Please Wait. Searching ...
|Case Number:||crim app 658 of 81|
|Parties:||YUSUF HARED ALI vs REPUBLIC|
|Date Delivered:||26 Jan 1983|
|Court:||High Court at Nairobi (Milimani Law Courts)|
|Judge(s):||John Henry Sydney Todd|
|Citation:||YUSUF HARED ALI vs REPUBLIC  eKLR|
|Parties Profile:||Individual v Government|
|Case Outcome:||Appeal dismissed|
|Disclaimer:||The information contained in the above segment is not part of the judicial opinion delivered by the Court. The metadata has been prepared by Kenya Law as a guide in understanding the subject of the judicial opinion. Kenya Law makes no warranties as to the comprehensiveness or accuracy of the information|
REPUBLIC OF KENYA
IN THE HIGH COURT AT NAIROBI
YUSUF HARED ALI …………………………………………….. APPELLANT
REPUBLIC …………………………………..……………….. RESPONDENT
CORAM: TODD J
Appellant absent, not wishing to be present and unrepresented,
M B Mbai (State Counsel) for respondent
The appellant Yusuf Hared Ali was charged on four counts of robbery said to have been committed on the same night at Rhamu Manyatta in Rhamu division of the Mandera District. He was acquitted of the charges in counts 1 and 2 for though the two complainants said they were able to identify the appellant at night there was no corroborative evidence to support their identification as the trial magistrate so found, applying what was said in the case of Abdallah Bin Wendo & another v Republic  20 EACA 166.

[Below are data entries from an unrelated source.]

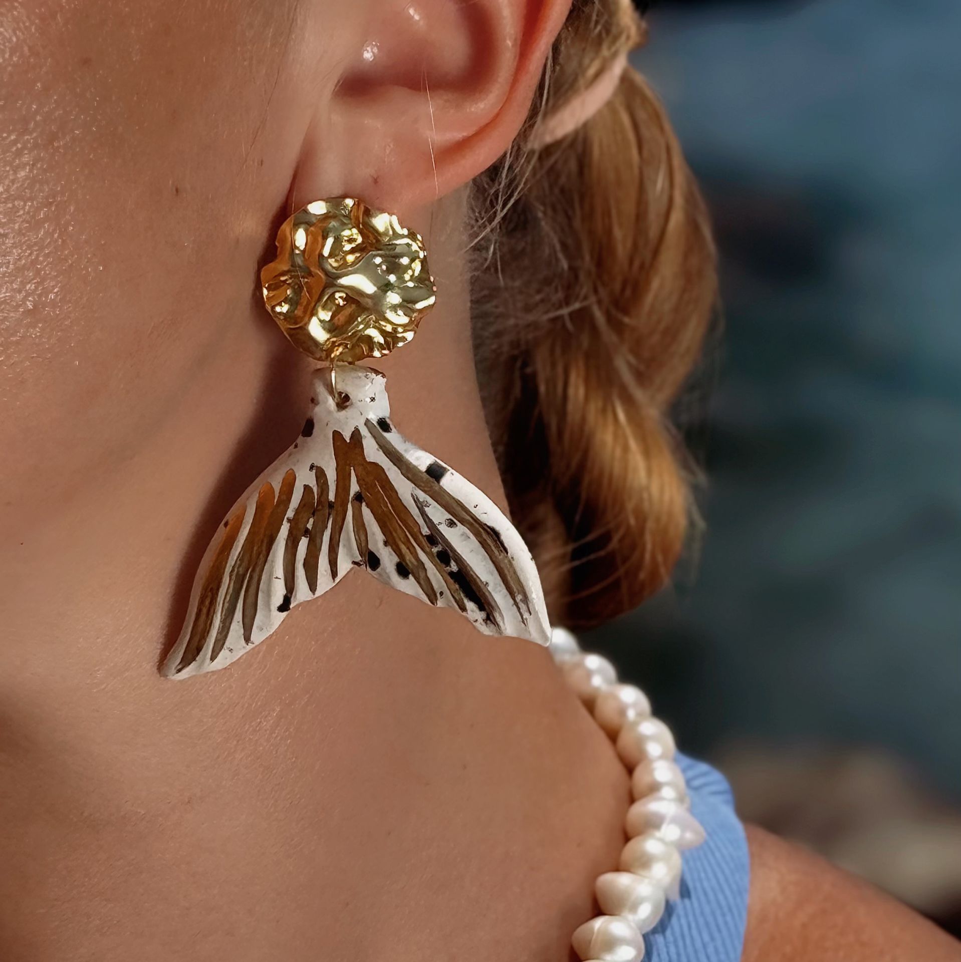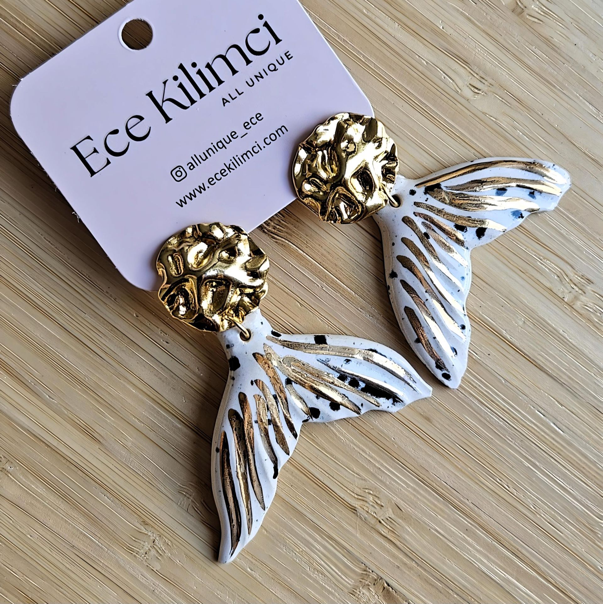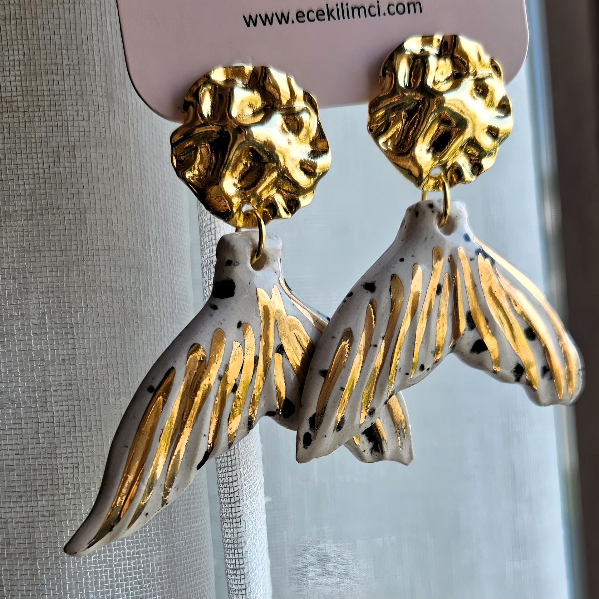 - Malzeme : pirinç üzeri altın kaplama küpe aparatı, el yapımı seramik.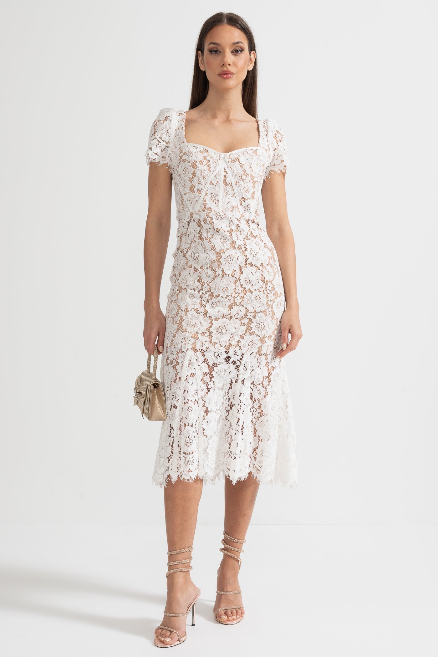 Beyaz Kısa Kollu Dantel Elbise, Uyumlu Bel Kemeri ile
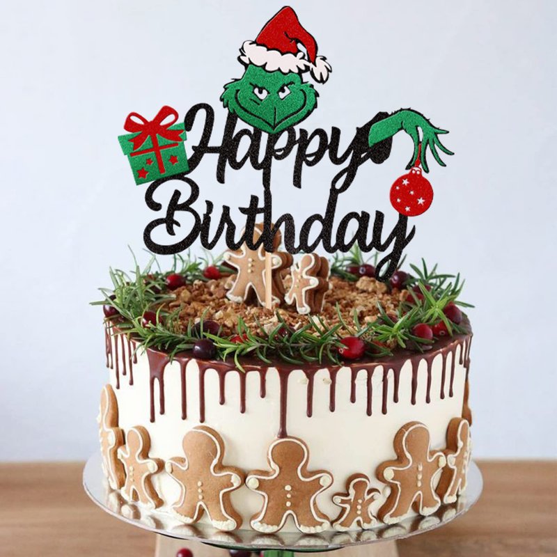 1 PCS Green Monster Happy Birthday Cake Topper Assembled Glitter Santa Hat Green Christmas Gifts Christmas Cake Pick for Merry Christmas Theme Baby Shower Kids Birthday Party Decorations Supplies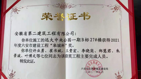 近期,六安市住房和城乡建设局公布了2021年度六安市建设工程“皋城杯”获奖项目名单,其中由安徽二建公司承建的舒城远大项目获此奖项。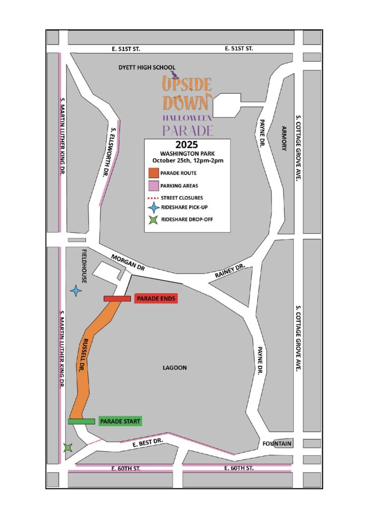 The event will take place on Saturday, October 25th, from 12-2pm in Washington Park! The Upside Down Halloween Parade is a free family-friendly event that is part of Mayor Brandon Johnson’s Fall Fest 2025!

“although subjects to certain exceptions a fact may be proved by the testimony of a single witness, this does not lessen the need for testing with the greatest care the evidence of witness respecting the identification, especially when it is known that the conditions favouring a correct identification are difficult. In such circumstances other evidence, circumstantial or direct, pointing to guilty is needed.”
The trial magistrate, however, convicted the appellant on counts 3 and 4 finding that Ebla Mohamed (PW 2), positively identified the packet or cloth bag which she had tied a knot inside to hold sugar, the packet contained some sugar which the trial magistrate believed was part of the sugar which Ebla Mohamed had bought and the 3 packets of the tea leaves and I think most important she positively identified the knife found with the appellant when he was arrested and the same knife was identified by Diriye Abdullahi Hassan (PW 1) who said that the knife had belonged to her late brother and she herself had made the sheath.
And as regards count 4 the trial magistrate found that Hajira Dahir (PW 3) had successfully identified the piece of cloth which she claimed that she had bought on the same day of the robbery.
Accordingly I dismiss the appellants appeal against conviction on these 2 counts.
As regards sentence the appellant was sentenced to five years on each count of the two counts to run concurrently. I find these sentences quite reasonable in view of the fact that the appellant was in company with another and was armed with a rifle. Of course the appellant should have also been awarded corporal punishment as provided for in Section 296(1) of the Penal Code (Cap 63), and so in accordance with the provision to Section 364(2) enacted by Act No 11/1970 I now award one stroke of corporal punishment to each one of the two convictions for robbery entered against the appellant and I also order that he will be subject to police supervision for five years on his release from prison vide Section 344 A(1) of the Criminal Procedure Code (Cap 75) enacted by Act No 3 of 1969.